__TASK OBJECTIVE__
Go to the line holding "- Department of" in the data below. Return it and each line after it through the last, exactly, and skip the pictures.

**** RECORDS FOR THE TASK

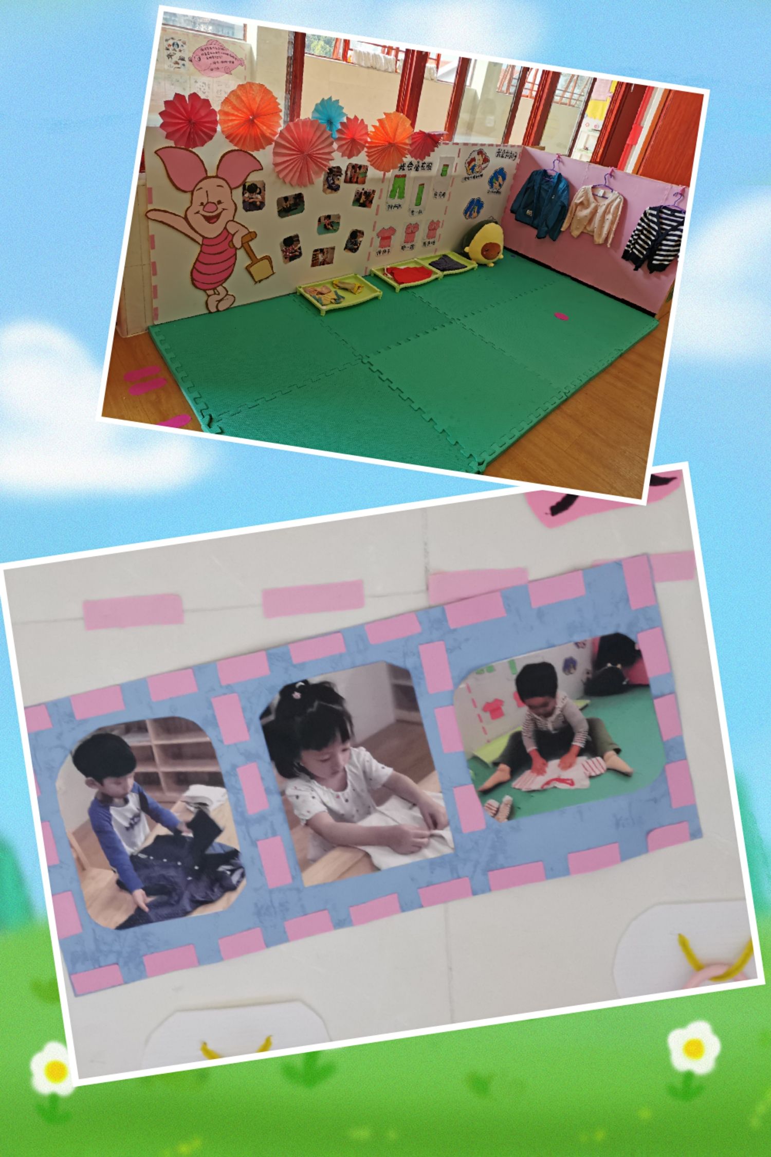 “老师,我以后也要自己动手穿衣服了”。
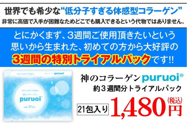 低分子 コラーゲン プルオイ ナノコラーゲン 約3週間分 21包入り コラーゲンペプチド puruoi 魚鱗 フィッシュコラーゲン
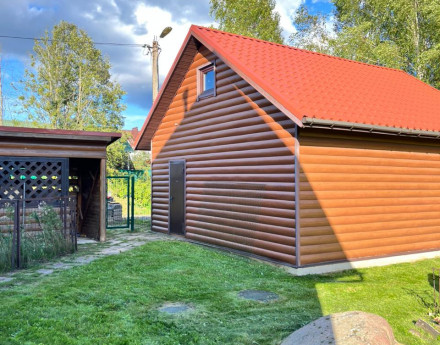 На участке расположены ЭЛЛИНГ и два ГАРАЖА, 2 из них двухэтажные. Двухэтажная БАНЯ 160 квадратов. Первый этаж парилка, душевая. Второй этаж зона отдыха с кухонным гарнитуром (посудомойкой, плитой) и двумя кроватями. Баню можно использовать, также как гостевой дом. Есть стоянка на 4 машины.
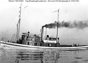 - Department of the Navy Naval History and Heritage Command Online Library of Selected Images: Civilian Ships: Dreadnaught (American Tug, 1917). Served as USS Dreadnaught (ID # 1951, later YT-34 and YNG-21) in 1918-1944.
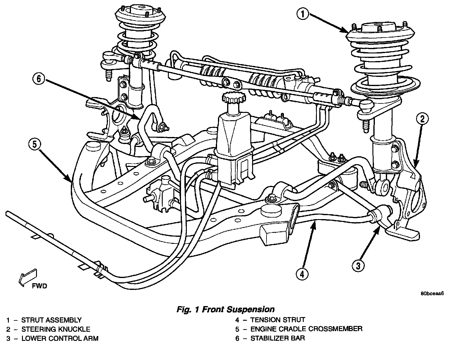 DESCRIPTIONThe lower control arm is a steel forging with 2 rubber bushings and a ball joint. The bushing isolating the lower control arm from the front cradle/crossmember is a metal encased pivot bushing. The bushing isolating the lower control arm from the tension strut is a solid rubber bushing. The lower control arm is bolted to the cradle/crossmember using a bolt through the center of the pivot bushing. The tension strut is fastened through the center of the tension strut bushing and lower control arm. The lower control arm ball joint connects to the steering knuckle.

********

__RESPONSE BOX__
 - Department of the Navy Naval History and Heritage Command Online Library of Selected Images: Civilian Ships: Dreadnaught (American Tug, 1917). Served as USS Dreadnaught (ID # 1951, later YT-34 and YNG-21) in 1918-1944.
 DESCRIPTIONThe lower control arm is a steel forging with 2 rubber bushings and a ball joint. The bushing isolating the lower control arm from the front cradle/crossmember is a metal encased pivot bushing. The bushing isolating the lower control arm from the tension strut is a solid rubber bushing. The lower control arm is bolted to the cradle/crossmember using a bolt through the center of the pivot bushing. The tension strut is fastened through the center of the tension strut bushing and lower control arm. The lower control arm ball joint connects to the steering knuckle.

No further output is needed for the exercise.